== Segment start ==
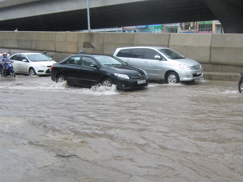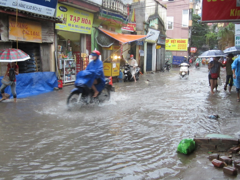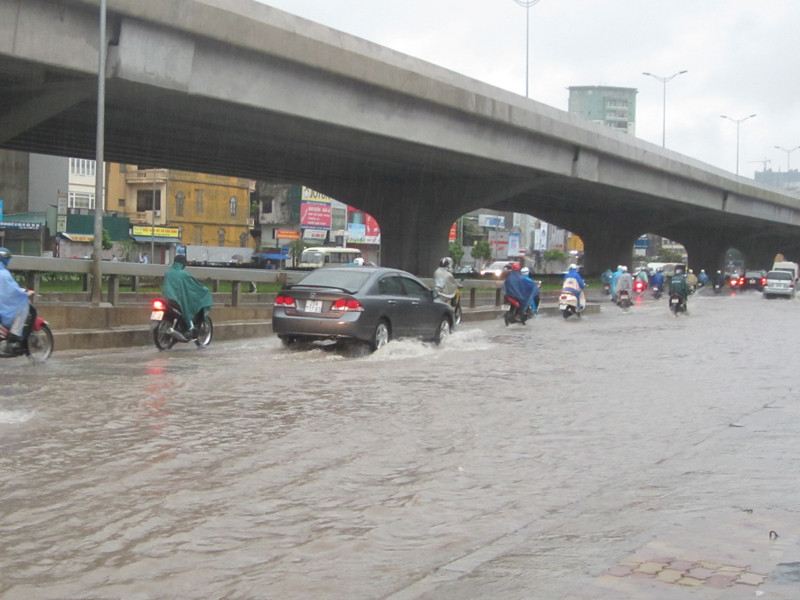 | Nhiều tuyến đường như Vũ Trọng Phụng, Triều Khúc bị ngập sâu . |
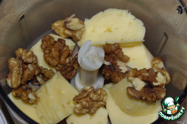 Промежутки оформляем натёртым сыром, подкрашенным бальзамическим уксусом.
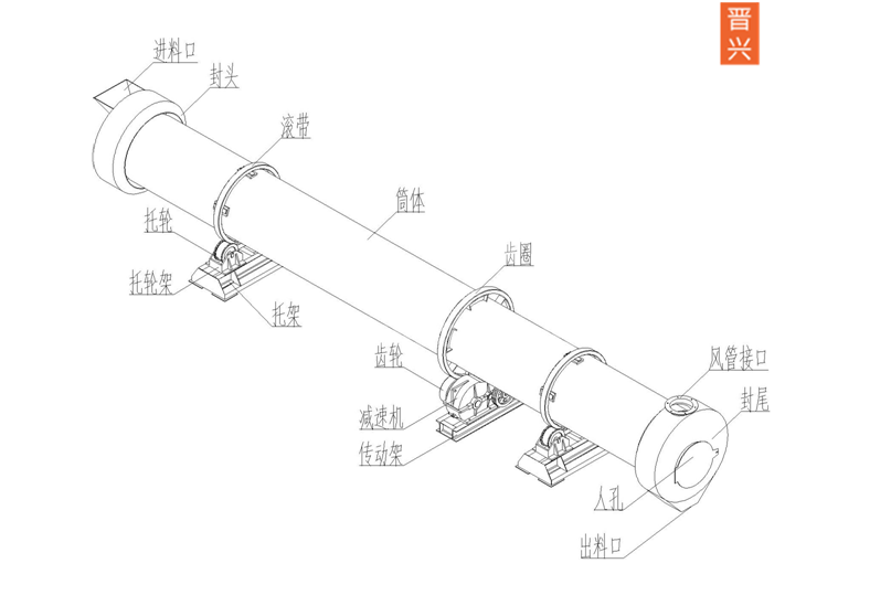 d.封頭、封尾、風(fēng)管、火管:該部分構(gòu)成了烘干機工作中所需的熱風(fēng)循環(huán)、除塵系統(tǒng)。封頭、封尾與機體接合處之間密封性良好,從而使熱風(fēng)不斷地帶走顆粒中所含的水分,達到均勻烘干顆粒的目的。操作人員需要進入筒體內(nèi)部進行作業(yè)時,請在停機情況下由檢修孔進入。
== Segment end ==
Only the lines from the one containing "Промежутки оформляем натёртым" through the last line of the data may appear in the answer, each given again exactly and with pictures left out.

Solution to the exercise:
 Промежутки оформляем натёртым сыром, подкрашенным бальзамическим уксусом.
 d.封頭、封尾、風(fēng)管、火管:該部分構(gòu)成了烘干機工作中所需的熱風(fēng)循環(huán)、除塵系統(tǒng)。封頭、封尾與機體接合處之間密封性良好,從而使熱風(fēng)不斷地帶走顆粒中所含的水分,達到均勻烘干顆粒的目的。操作人員需要進入筒體內(nèi)部進行作業(yè)時,請在停機情況下由檢修孔進入。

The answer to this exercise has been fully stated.